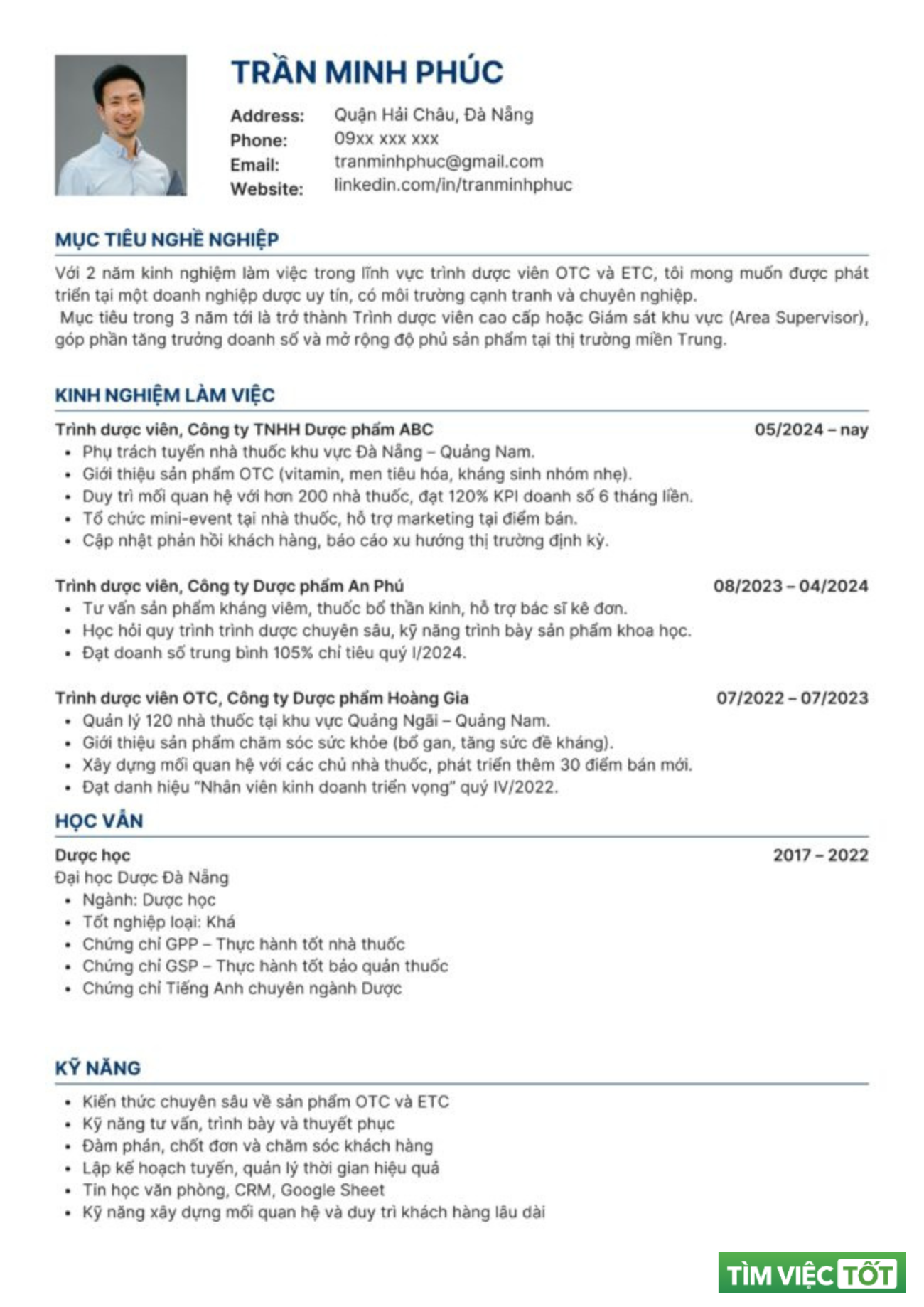 Điểm cộng: Nếu bạn có các chứng chỉ ngắn hạn về "Kỹ năng bán hàng chuyên nghiệp" hoặc "Marketing Dược", đừng ngần ngại đưa vào để làm nổi bật hồ sơ.
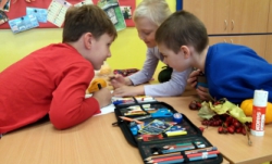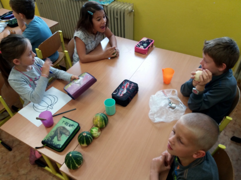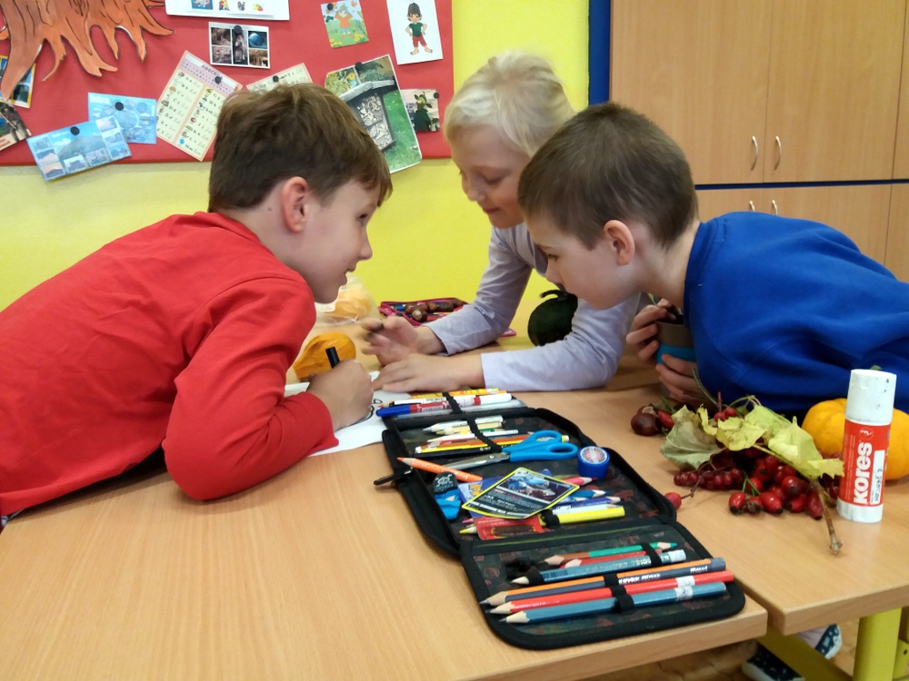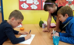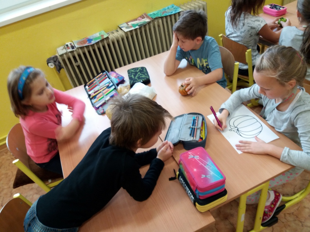 Hned v září jsme navštívili hronovské muzeum Pod čepicí a přesvědčili se o tom, jak lze naše oči oklamat. V říjnu jsme si udělali Dýňový den plný tvoření, dlabání, ochutnávání a poznávání svátku Halloween a Dušičky. V listopadu jsme se zúčastnili akce pořádané Muzeem papírových modelů. Naším úkolem bylo vystříhat betlémové postavy a sestavit betlém na podklad upravený dle naší fantazie. V prosinci nás pak čekal Andělský den, kdy jsme si zahráli na třídu plnou andělů, plnili jsme andělské úkoly, zdobili andělské kostýmy, upravovali andělská křídla a dověděli se, jak to bylo s Mikulášem. Před Vánoci jsme navštívili kostel Nanebevzetí Panny Marie, prohlédli si v něm rozlehlý Betlém a poslechli krásné vyprávění o tom, jak to vlastně bylo s Ježíškem. Také jsme se vydali do zoologické zahrady ve Dvoře Králové, abychom zvířátkům ozdobili vánoční strom a navodili i jim vánoční atmosféru. Nejen z těchto dnů přidáváme pár fotografií, které dokumentují naši práci a naše výlety.
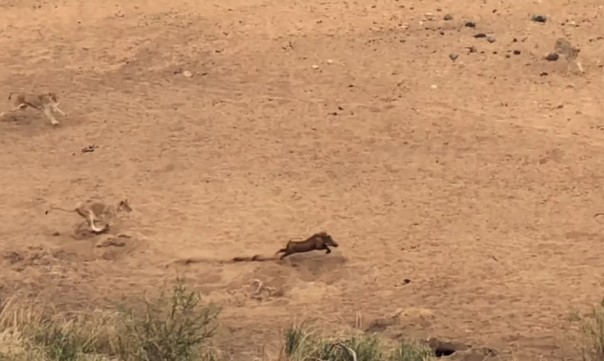 Спасение года: бородавочник убежал от 7 голодных львиц
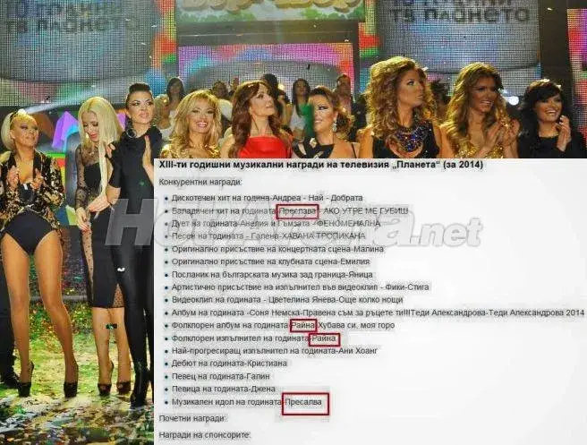 Както съобщихме по-рано, другият сигурен победител ще бъде Преслава, след като Бирмата й уредил наградата Музикален идол на годината. Този приз в последно време стана един от най-желаните и дори по-мечтан от Певица на годината, така че Преслава със сигурност ще остане доволна.

********

▶ WHAT YOU WILL DO: A word-for-word repetition of the data above, without pictures, is the expected answer.

▶ OUTPUT OF THE TASK:
 Điểm cộng: Nếu bạn có các chứng chỉ ngắn hạn về "Kỹ năng bán hàng chuyên nghiệp" hoặc "Marketing Dược", đừng ngần ngại đưa vào để làm nổi bật hồ sơ.
 Hned v září jsme navštívili hronovské muzeum Pod čepicí a přesvědčili se o tom, jak lze naše oči oklamat. V říjnu jsme si udělali Dýňový den plný tvoření, dlabání, ochutnávání a poznávání svátku Halloween a Dušičky. V listopadu jsme se zúčastnili akce pořádané Muzeem papírových modelů. Naším úkolem bylo vystříhat betlémové postavy a sestavit betlém na podklad upravený dle naší fantazie. V prosinci nás pak čekal Andělský den, kdy jsme si zahráli na třídu plnou andělů, plnili jsme andělské úkoly, zdobili andělské kostýmy, upravovali andělská křídla a dověděli se, jak to bylo s Mikulášem. Před Vánoci jsme navštívili kostel Nanebevzetí Panny Marie, prohlédli si v něm rozlehlý Betlém a poslechli krásné vyprávění o tom, jak to vlastně bylo s Ježíškem. Také jsme se vydali do zoologické zahrady ve Dvoře Králové, abychom zvířátkům ozdobili vánoční strom a navodili i jim vánoční atmosféru. Nejen z těchto dnů přidáváme pár fotografií, které dokumentují naši práci a naše výlety.
 Спасение года: бородавочник убежал от 7 голодных львиц
 Както съобщихме по-рано, другият сигурен победител ще бъде Преслава, след като Бирмата й уредил наградата Музикален идол на годината. Този приз в последно време стана един от най-желаните и дори по-мечтан от Певица на годината, така че Преслава със сигурност ще остане доволна.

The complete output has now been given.